TASK BRIEF: Begin at the line below that has "说凌晨我上的分赠送的彩金没有" and stop after the line that has "Kurz vor Dornelas". Please restate only those lines, word for word.

SOURCE MATERIAL:

--- START ---

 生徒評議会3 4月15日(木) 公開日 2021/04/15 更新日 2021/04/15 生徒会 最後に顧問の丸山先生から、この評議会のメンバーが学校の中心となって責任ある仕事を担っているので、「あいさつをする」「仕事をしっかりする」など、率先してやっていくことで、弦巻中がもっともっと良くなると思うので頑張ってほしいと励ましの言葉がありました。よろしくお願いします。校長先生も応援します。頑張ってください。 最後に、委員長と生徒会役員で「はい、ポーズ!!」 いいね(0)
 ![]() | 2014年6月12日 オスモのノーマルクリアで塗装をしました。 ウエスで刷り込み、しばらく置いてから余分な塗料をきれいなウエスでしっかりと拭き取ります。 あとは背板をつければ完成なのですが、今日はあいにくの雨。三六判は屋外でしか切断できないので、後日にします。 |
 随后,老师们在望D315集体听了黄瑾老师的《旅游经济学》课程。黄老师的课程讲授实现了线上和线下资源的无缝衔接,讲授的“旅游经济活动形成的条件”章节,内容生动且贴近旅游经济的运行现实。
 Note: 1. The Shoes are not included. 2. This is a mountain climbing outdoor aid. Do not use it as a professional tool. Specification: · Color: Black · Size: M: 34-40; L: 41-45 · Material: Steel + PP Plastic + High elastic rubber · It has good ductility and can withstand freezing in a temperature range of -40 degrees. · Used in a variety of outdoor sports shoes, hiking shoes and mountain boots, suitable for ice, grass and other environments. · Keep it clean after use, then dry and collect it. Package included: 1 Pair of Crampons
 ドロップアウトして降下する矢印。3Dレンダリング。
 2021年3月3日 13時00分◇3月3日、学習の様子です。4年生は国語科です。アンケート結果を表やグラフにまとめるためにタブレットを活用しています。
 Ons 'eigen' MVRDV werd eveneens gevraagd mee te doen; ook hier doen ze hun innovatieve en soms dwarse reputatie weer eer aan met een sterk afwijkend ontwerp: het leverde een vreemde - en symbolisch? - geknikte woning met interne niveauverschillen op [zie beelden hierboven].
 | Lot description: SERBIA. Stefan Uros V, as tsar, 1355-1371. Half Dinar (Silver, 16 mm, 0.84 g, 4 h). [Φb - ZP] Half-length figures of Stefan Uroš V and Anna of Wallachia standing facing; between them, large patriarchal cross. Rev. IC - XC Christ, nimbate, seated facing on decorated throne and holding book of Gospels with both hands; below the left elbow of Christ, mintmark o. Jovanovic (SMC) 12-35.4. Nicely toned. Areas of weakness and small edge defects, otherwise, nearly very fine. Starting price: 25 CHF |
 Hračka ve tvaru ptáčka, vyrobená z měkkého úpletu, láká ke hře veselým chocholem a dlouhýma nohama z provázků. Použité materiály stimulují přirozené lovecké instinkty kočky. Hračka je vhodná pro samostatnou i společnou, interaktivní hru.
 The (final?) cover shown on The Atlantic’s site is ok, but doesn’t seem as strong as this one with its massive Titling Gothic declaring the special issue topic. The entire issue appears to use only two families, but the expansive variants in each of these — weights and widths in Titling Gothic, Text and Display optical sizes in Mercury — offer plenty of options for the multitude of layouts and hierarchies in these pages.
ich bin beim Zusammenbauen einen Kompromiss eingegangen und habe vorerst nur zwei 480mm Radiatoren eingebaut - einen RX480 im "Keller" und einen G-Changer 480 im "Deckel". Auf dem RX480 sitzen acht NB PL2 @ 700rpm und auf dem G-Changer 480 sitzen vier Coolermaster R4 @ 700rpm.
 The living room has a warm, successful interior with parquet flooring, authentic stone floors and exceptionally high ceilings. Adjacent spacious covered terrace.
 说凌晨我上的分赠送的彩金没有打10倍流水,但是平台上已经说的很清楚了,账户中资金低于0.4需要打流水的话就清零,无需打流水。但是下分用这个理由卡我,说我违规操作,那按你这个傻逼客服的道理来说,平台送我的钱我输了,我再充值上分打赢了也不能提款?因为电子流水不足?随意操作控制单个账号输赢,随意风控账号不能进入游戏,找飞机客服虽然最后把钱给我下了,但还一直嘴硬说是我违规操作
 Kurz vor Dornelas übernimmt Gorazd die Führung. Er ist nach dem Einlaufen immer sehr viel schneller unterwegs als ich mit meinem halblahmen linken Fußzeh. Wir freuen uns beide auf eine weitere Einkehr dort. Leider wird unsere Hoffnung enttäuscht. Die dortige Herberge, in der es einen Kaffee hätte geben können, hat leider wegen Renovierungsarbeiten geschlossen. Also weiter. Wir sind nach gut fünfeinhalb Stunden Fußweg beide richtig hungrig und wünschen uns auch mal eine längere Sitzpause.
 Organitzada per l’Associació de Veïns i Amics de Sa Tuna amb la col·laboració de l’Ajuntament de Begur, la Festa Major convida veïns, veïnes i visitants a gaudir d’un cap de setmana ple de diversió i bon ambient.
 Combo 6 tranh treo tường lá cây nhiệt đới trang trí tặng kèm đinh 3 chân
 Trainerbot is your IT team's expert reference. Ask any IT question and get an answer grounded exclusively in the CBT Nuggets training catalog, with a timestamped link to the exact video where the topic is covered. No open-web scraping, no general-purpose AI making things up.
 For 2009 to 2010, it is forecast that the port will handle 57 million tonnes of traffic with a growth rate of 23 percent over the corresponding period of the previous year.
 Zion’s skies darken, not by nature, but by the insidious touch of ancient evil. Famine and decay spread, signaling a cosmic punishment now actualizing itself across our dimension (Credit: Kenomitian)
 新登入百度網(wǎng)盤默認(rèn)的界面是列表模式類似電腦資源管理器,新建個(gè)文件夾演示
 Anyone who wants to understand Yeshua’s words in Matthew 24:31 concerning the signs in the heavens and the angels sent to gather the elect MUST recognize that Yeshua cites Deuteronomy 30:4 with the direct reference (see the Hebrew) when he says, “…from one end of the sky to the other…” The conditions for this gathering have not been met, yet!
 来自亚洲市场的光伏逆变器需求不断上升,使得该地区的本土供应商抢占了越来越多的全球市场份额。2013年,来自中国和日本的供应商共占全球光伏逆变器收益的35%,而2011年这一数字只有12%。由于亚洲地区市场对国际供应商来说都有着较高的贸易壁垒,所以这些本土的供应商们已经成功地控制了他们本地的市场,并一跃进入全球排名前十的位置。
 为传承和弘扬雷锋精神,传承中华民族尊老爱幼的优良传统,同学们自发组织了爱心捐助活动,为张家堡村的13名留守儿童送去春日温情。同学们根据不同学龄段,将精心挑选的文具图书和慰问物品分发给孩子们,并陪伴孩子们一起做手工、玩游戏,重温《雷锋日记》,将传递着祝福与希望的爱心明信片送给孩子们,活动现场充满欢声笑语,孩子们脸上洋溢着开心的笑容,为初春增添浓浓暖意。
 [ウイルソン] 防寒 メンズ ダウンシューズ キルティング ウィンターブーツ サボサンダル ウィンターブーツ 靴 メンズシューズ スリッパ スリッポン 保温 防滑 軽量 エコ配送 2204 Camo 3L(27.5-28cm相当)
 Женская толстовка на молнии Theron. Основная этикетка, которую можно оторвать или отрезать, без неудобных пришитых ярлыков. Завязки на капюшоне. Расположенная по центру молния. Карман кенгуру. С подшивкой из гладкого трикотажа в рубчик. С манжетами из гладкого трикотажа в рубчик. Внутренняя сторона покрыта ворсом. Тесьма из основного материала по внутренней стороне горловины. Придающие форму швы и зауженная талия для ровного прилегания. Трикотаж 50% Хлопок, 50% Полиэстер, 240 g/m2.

--- END ---

EXERCISE OUTPUT:
 说凌晨我上的分赠送的彩金没有打10倍流水,但是平台上已经说的很清楚了,账户中资金低于0.4需要打流水的话就清零,无需打流水。但是下分用这个理由卡我,说我违规操作,那按你这个傻逼客服的道理来说,平台送我的钱我输了,我再充值上分打赢了也不能提款?因为电子流水不足?随意操作控制单个账号输赢,随意风控账号不能进入游戏,找飞机客服虽然最后把钱给我下了,但还一直嘴硬说是我违规操作
 Kurz vor Dornelas übernimmt Gorazd die Führung. Er ist nach dem Einlaufen immer sehr viel schneller unterwegs als ich mit meinem halblahmen linken Fußzeh. Wir freuen uns beide auf eine weitere Einkehr dort. Leider wird unsere Hoffnung enttäuscht. Die dortige Herberge, in der es einen Kaffee hätte geben können, hat leider wegen Renovierungsarbeiten geschlossen. Also weiter. Wir sind nach gut fünfeinhalb Stunden Fußweg beide richtig hungrig und wünschen uns auch mal eine längere Sitzpause.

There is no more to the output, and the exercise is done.